All lines below must be repeated exactly, with the pictures omitted.

» DATA EXCERPT
■ ■ ■ ■ ■
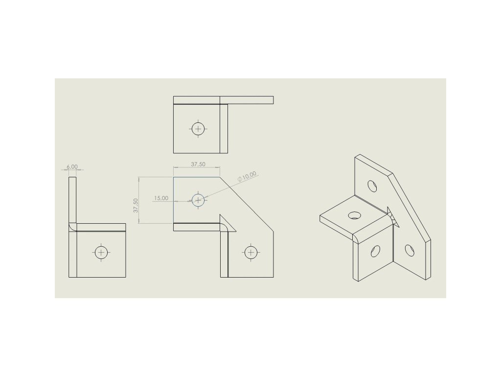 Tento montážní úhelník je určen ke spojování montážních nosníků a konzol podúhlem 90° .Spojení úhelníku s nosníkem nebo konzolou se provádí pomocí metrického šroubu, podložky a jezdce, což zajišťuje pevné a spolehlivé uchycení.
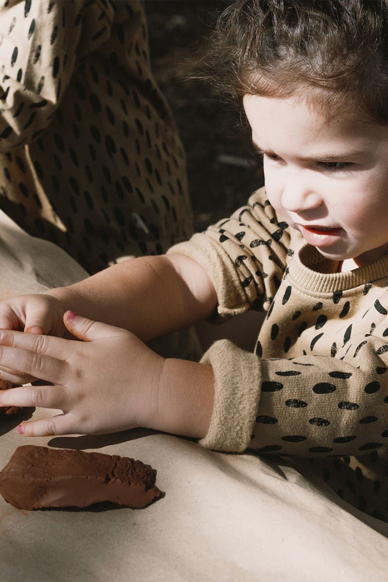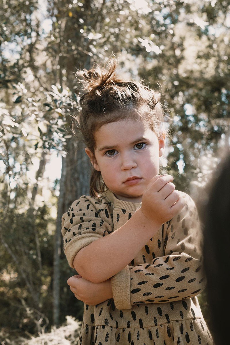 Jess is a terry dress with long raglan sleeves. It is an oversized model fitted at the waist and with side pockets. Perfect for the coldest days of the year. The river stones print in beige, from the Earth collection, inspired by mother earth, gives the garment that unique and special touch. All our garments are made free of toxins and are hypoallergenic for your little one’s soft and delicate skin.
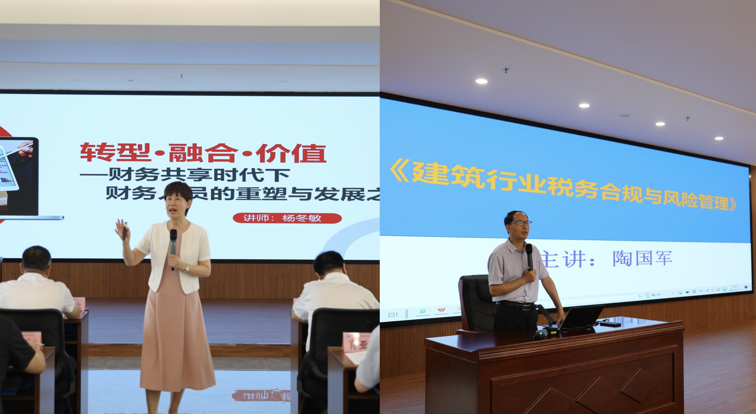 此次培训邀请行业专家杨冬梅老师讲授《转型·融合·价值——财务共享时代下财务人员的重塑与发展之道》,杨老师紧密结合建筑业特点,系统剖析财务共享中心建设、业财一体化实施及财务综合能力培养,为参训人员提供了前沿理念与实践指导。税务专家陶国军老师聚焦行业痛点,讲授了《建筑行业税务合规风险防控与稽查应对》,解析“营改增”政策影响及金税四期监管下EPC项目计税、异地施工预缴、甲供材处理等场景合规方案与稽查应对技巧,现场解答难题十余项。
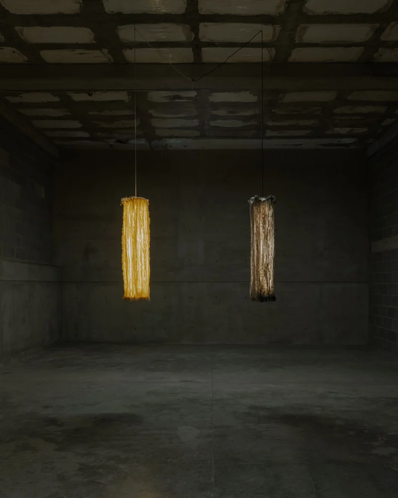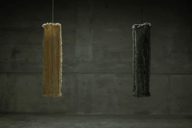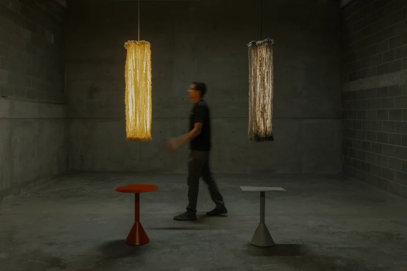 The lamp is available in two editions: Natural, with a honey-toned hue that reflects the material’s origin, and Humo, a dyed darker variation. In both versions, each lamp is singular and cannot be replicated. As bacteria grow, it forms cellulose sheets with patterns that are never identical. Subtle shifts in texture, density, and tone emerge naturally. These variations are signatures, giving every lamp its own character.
■ ■ ■ ■ ■
» RESPONSE TO THIS EXERCISE
 Tento montážní úhelník je určen ke spojování montážních nosníků a konzol podúhlem 90° .Spojení úhelníku s nosníkem nebo konzolou se provádí pomocí metrického šroubu, podložky a jezdce, což zajišťuje pevné a spolehlivé uchycení.
 Jess is a terry dress with long raglan sleeves. It is an oversized model fitted at the waist and with side pockets. Perfect for the coldest days of the year. The river stones print in beige, from the Earth collection, inspired by mother earth, gives the garment that unique and special touch. All our garments are made free of toxins and are hypoallergenic for your little one’s soft and delicate skin.
 此次培训邀请行业专家杨冬梅老师讲授《转型·融合·价值——财务共享时代下财务人员的重塑与发展之道》,杨老师紧密结合建筑业特点,系统剖析财务共享中心建设、业财一体化实施及财务综合能力培养,为参训人员提供了前沿理念与实践指导。税务专家陶国军老师聚焦行业痛点,讲授了《建筑行业税务合规风险防控与稽查应对》,解析“营改增”政策影响及金税四期监管下EPC项目计税、异地施工预缴、甲供材处理等场景合规方案与稽查应对技巧,现场解答难题十余项。
 The lamp is available in two editions: Natural, with a honey-toned hue that reflects the material’s origin, and Humo, a dyed darker variation. In both versions, each lamp is singular and cannot be replicated. As bacteria grow, it forms cellulose sheets with patterns that are never identical. Subtle shifts in texture, density, and tone emerge naturally. These variations are signatures, giving every lamp its own character.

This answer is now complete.